With pictures left out, retype the lines from the start of the records through the one that contains "导航痕迹 当前位置: 首页".
[The records — start]
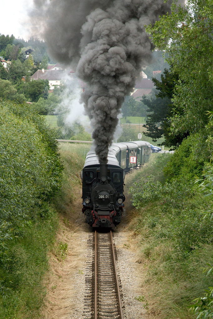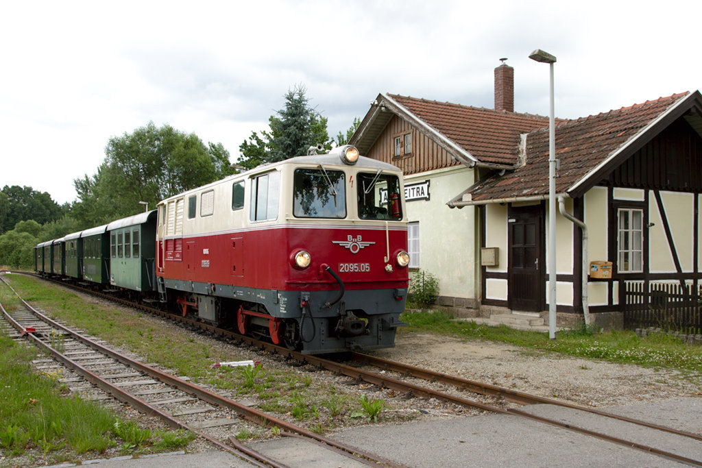Der kurze Zug von Littschau nach Groß Gerungs schickt sich gerade an, die Steigung hinauf nach Weitra zu erklimmen. (15.06.2011)
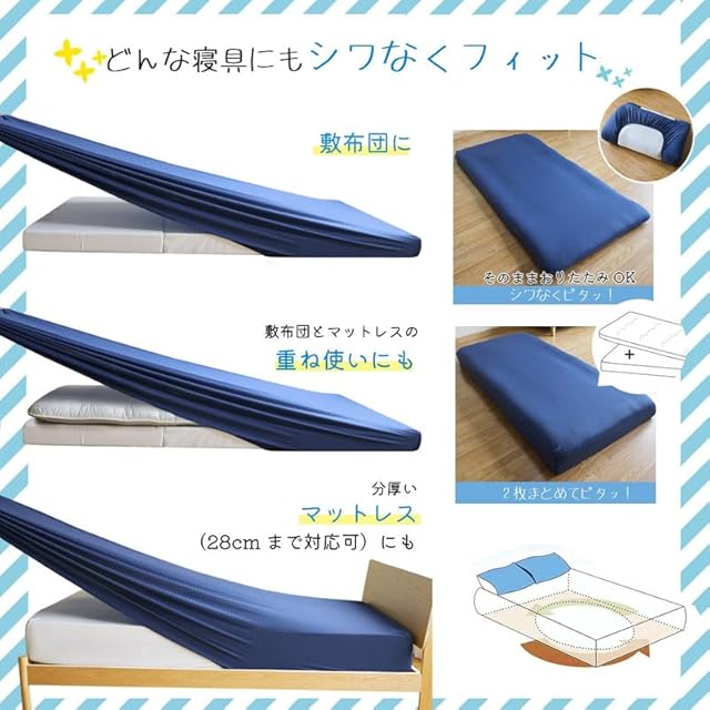 【のびる・ ピッタリフット】ベットカバーは『たて・よこストレッチ』特性を持ち、ベッドシーツ適用サイズ幅広いです。角までピタッ!シワになりにくく、ズレにくく、シーツが浮くことなく、見た目もすっきり。マットレスや敷きふとんの汚れ防止にも役立ちます。
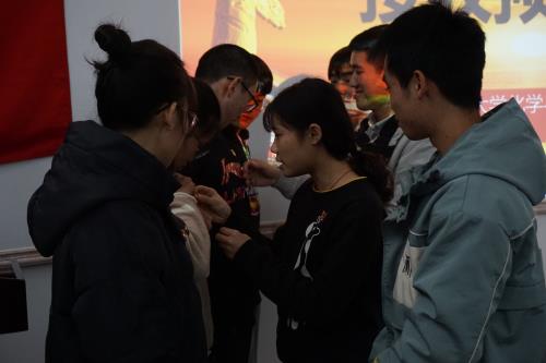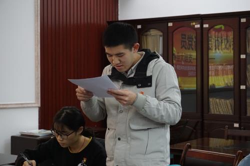 导航痕迹 当前位置: 首页 >> 党建工作 >> 不忘初心牢记使命 >> 正文 【不忘初心、牢记使命】学院本科生第一党支部召开接收预备党员大会 作者:赖廷民 发布日期:2019-12-08 浏览次数: 2019年12月6日晚,我院本科生第一党支部在12217会议室召开了接收预备党员大会。参与此次会议的有本科生第一党支部全体党员、预备党员及发展对象,大会由支部负责人陈楠主持。本次大会对接收何丽、陈文俊、郑靖萱、杨帆四名发展对象为支部预备党员进行讨论和表决。 会议伊始,由陈楠同志宣读大会议程并宣布大会开始。首先由四名发展对象分别上台陈述自己的入党动机、对党的认识以及向党组织汇报自己成为入党积极分子以来工作、学习、思想、生活上的转变。接着入党介绍人分别阐述发展对象的基本情况,并对其能否加入党组织表明态度,支委会向大会汇报发展对象的政治审查报告。随后支部党员指出四名发展对象存在的问题并进行提问,对其有更深的了解。接着由支部正式党员进行不记名投票,赖廷民同志监票,郑秋杏同志计票,陈楠同志宣布大会决议,何丽、陈文俊、郑靖萱、杨帆四名发展对象全票通过成为中共预备党员。大会最后,何丽、陈文俊、郑靖萱、杨帆四名预备党员面对党旗庄严宣誓,由支部党员同志为他们佩戴党员徽章。 陈楠同志表示,四名预备党员要牢记自己的政治生日,铭记自己的身份,在日常生活中严格要求自己,及时向党组织汇报思想,充分发挥一名党员的带头作用,不断改进自己,做一名副其实的共产党员。 李楠主持会议 黎江宣读政治审查报告 正式党员为预备党员佩戴党员徽章 全体党员对国旗宣誓 上一条:【不忘初心、牢记使命】我院积极开展“宪法宣传周”系列活动 下一条:【不忘初心、牢记使命】研究生第二党支部召开预备党员接收大会
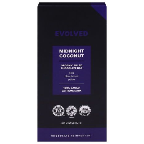 Evolved Chocolate Bar, Organic Filled, Midnight Coconut - 2.5 Ounces
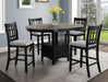 Discover practicality and style with our dining group. With a straightforward design, this set is perfect for everyday meals and casual gatherings. The grid-back chairs offer supportive seating, while the cushioned seats ensure comfort. With its under-table shelf, the table provides a handy spot for dining essentials.
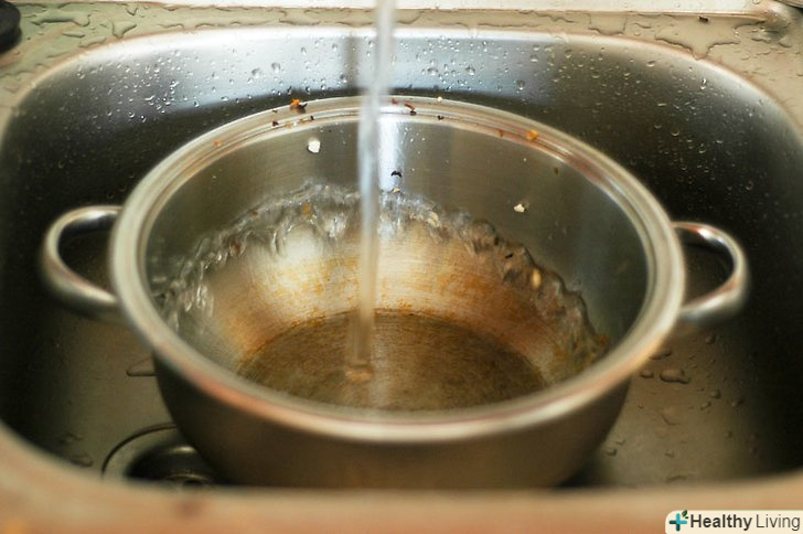 Дайте розпеченому сотейнику охолонути.коли сотейник стане не дуже гарячим, промийте його водою з милом.
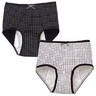 • 肌触りも柔らかな産褥ショーツ。オフホワイト×ブラックの2枚セットです。 股マチ部分は着用したままナプキン交換ができるマジックテープ式です。うしろウエスト部分まで広範囲の防水布を使用。
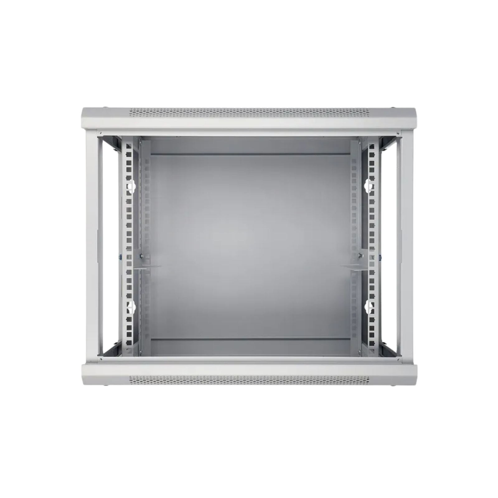 Zdejmowane panele boczne z zamkami gwarantują szybki i łatwy dostęp do zainstalowanego sprzętu, co jest niezwykle istotne podczas konserwacji lub rozbudowy systemu. Szyny z oznaczeniem wysokości 9U ułatwiają organizację urządzeń, a przepusty kablowe umożliwiają estetyczne zarządzanie przewodami, zapewniając porządek w środowisku IT. Szafę rack można opcjonalnie wyposażyć w półki, organizery kabli, akcesoria do chłodzenia i wiele więcej.
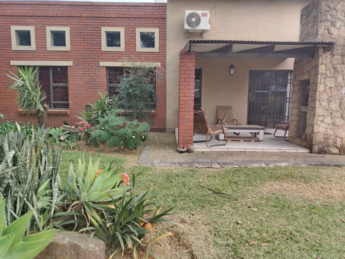 Secure Waterval East townhouse near shopping, top schools and main routes, with covered stoep overlooking a sparkling pool, air-conditioned lounge, 3 bedrooms, 2 bathrooms, ample parking.
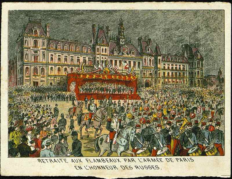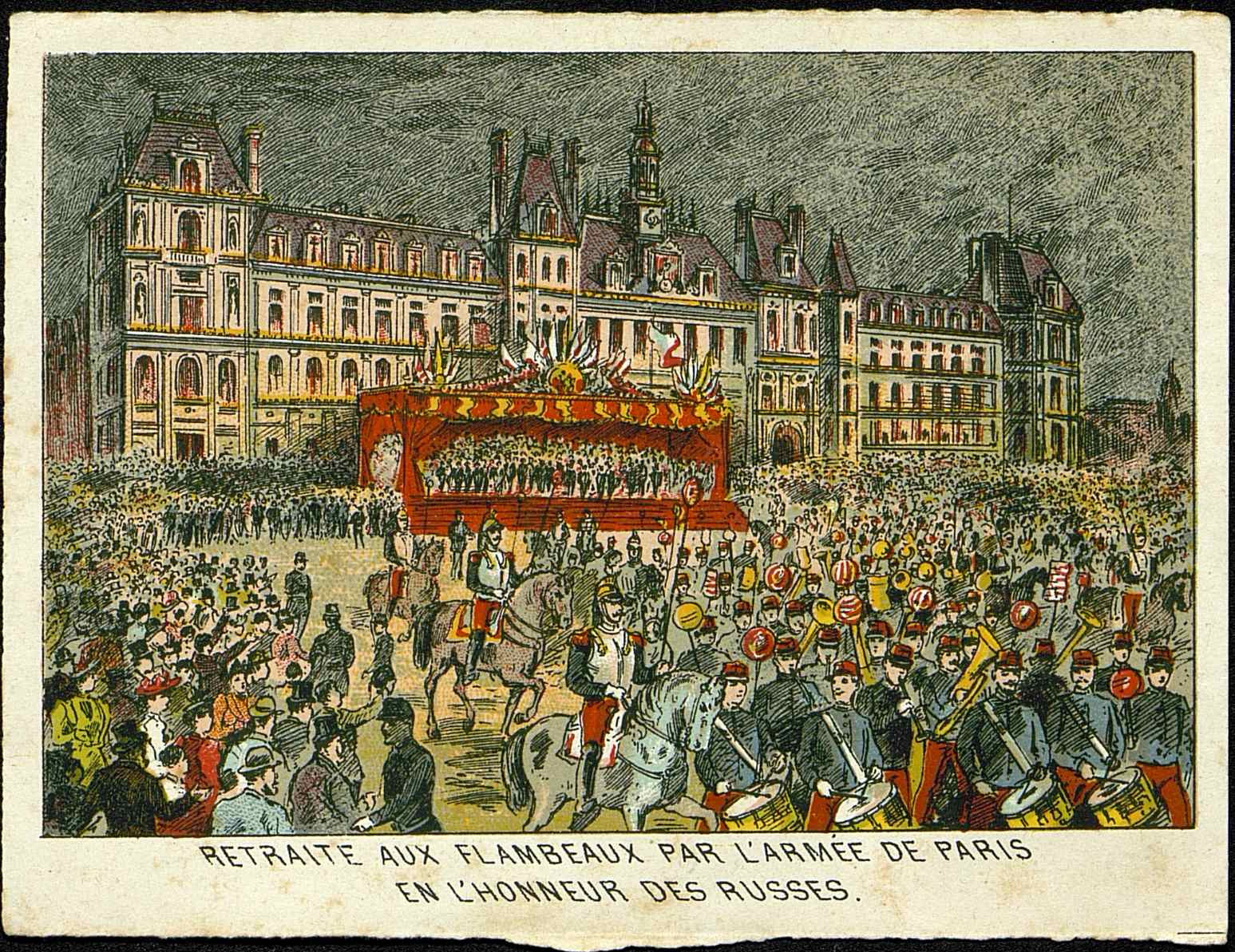 Retraite aux flambeaux par l'armée de Paris en l'honneur des russes
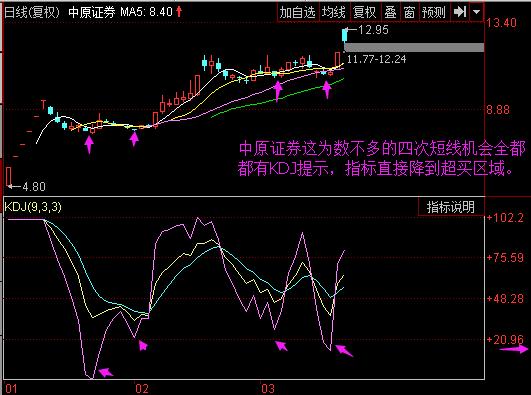 今天我們來說一下中原證券,這個股是最近比較熱的次新股,可以說是比較活躍的股票,那么用KDJ很合適。首先我們先看中原證券的KDJ圖形。從下圖中我們不難發(fā)現(xiàn)這些機會全部都有出現(xiàn)提示機會。
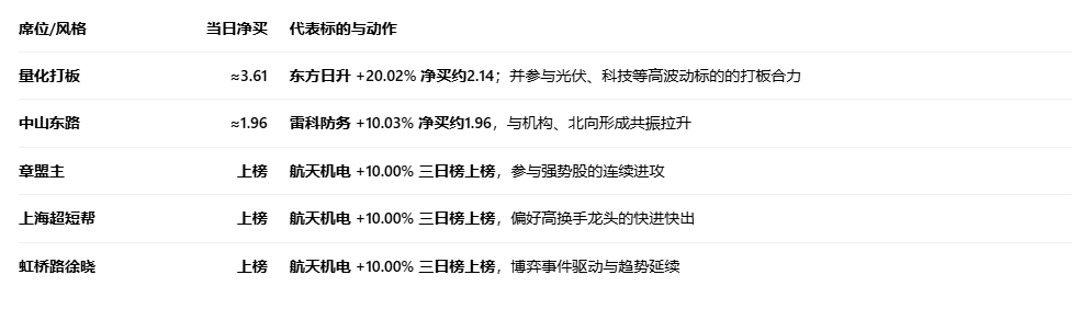 航天机电(600151.SH):连续两日涨停,收于16.94元(+10.00%),三日涨幅偏离累计达20%登上龙虎榜;知名游资章盟主、上海超短帮、虹桥路徐晓上榜,博弈“央企+商业航天”主线的延续性。
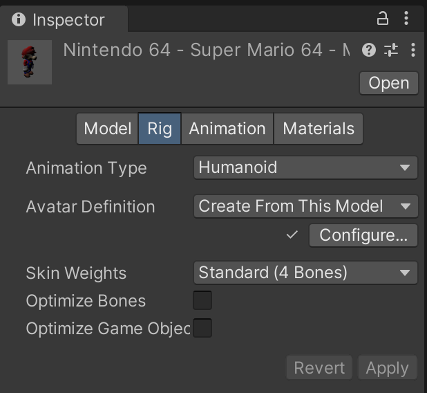 Now that Mario is rendering properly, we'll need to change other settings on the model asset for it to animate properly. Within the Rig tab, switch Animation Type to Humanoid. Hit the "Apply" button to confirm the change. This enables the same expanded set of humanoid features as our other character.
[The records — finish]
§ **Task answer**
Der kurze Zug von Littschau nach Groß Gerungs schickt sich gerade an, die Steigung hinauf nach Weitra zu erklimmen. (15.06.2011)
 【のびる・ ピッタリフット】ベットカバーは『たて・よこストレッチ』特性を持ち、ベッドシーツ適用サイズ幅広いです。角までピタッ!シワになりにくく、ズレにくく、シーツが浮くことなく、見た目もすっきり。マットレスや敷きふとんの汚れ防止にも役立ちます。
 导航痕迹 当前位置: 首页 >> 党建工作 >> 不忘初心牢记使命 >> 正文 【不忘初心、牢记使命】学院本科生第一党支部召开接收预备党员大会 作者:赖廷民 发布日期:2019-12-08 浏览次数: 2019年12月6日晚,我院本科生第一党支部在12217会议室召开了接收预备党员大会。参与此次会议的有本科生第一党支部全体党员、预备党员及发展对象,大会由支部负责人陈楠主持。本次大会对接收何丽、陈文俊、郑靖萱、杨帆四名发展对象为支部预备党员进行讨论和表决。 会议伊始,由陈楠同志宣读大会议程并宣布大会开始。首先由四名发展对象分别上台陈述自己的入党动机、对党的认识以及向党组织汇报自己成为入党积极分子以来工作、学习、思想、生活上的转变。接着入党介绍人分别阐述发展对象的基本情况,并对其能否加入党组织表明态度,支委会向大会汇报发展对象的政治审查报告。随后支部党员指出四名发展对象存在的问题并进行提问,对其有更深的了解。接着由支部正式党员进行不记名投票,赖廷民同志监票,郑秋杏同志计票,陈楠同志宣布大会决议,何丽、陈文俊、郑靖萱、杨帆四名发展对象全票通过成为中共预备党员。大会最后,何丽、陈文俊、郑靖萱、杨帆四名预备党员面对党旗庄严宣誓,由支部党员同志为他们佩戴党员徽章。 陈楠同志表示,四名预备党员要牢记自己的政治生日,铭记自己的身份,在日常生活中严格要求自己,及时向党组织汇报思想,充分发挥一名党员的带头作用,不断改进自己,做一名副其实的共产党员。 李楠主持会议 黎江宣读政治审查报告 正式党员为预备党员佩戴党员徽章 全体党员对国旗宣誓 上一条:【不忘初心、牢记使命】我院积极开展“宪法宣传周”系列活动 下一条:【不忘初心、牢记使命】研究生第二党支部召开预备党员接收大会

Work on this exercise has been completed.